I'm also going to get an optical to AES/EBU transformer so i can use the digital input of the DCX, i heard it is much cleaner than the analog side.

I'm familiar with seeing the BFD used for subwoofers, i bet it could work for full range, as long as it has the resolution.


----------



## Moonfly (Aug 1, 2008)

The BFD is designed for use in full range speakers so I figured it should at least be a start point.

The EL70's are a good price and if the final SQ is pretty good they will basically be a bargain. I could actually get one of the speakers running, but dont have enough kit to finish them both or have any wadding to put inside them yet either. These are intended to be my spring board into DIY speakers, but as ever funding dictates all. I really need to read up proper digital active crossovers etc, they would certainly make life easier than trying to build a passive crossover, and I like the idea of being able to tweak the design etc.

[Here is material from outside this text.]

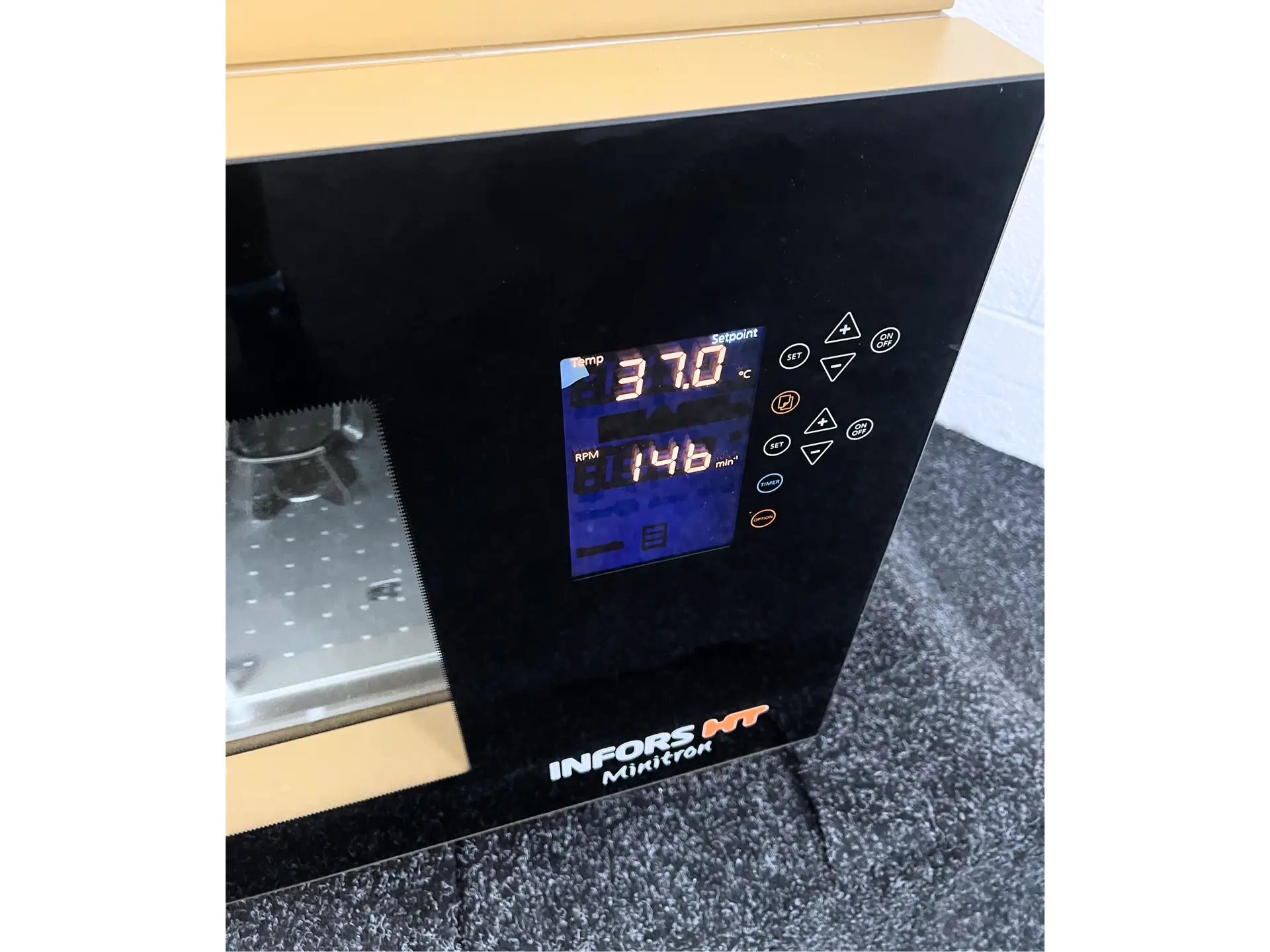 Features of the Minitron include a temperature range of between 5°C – 65°C, which can be changed in 0.1°C increments. Speeds of 20 – 400 rpm can be achieved dependent on the type of vessel used and the holder. Furthermore, a touch screen panel provides user friendly control, and the quick start guide lets you quickly and easily set up your parameters. Internally, the Minitron measures 52 x 57 x 54 cm and has a stainless steel finish, as well as 3 x stainless steel clamps. Externally, the Minitron measures 80 x 62.5 x 70 cm and has a black and gold finish.

Having them 3/4's built and not being able to get them running is a killer. Do you have a thread up for your build?


----------



## Binary (Nov 23, 2009)

Unfortunately all the pictures from the build process were lost in a computer crash. I did not do the wood-work for the center. Mwmkravchenko did. i wish i did have a build log for it, i'll have to get all the dimensions and details again and post one just for you


----------



## Moonfly (Aug 1, 2008)

I'll be sure to keep an eye out for it. I modelled the EL70 in sketchup, so if you like modelling, have no pictures for your thread, and was thinking of doing that, I can add the driver to our sketchup database for you if you want.


----------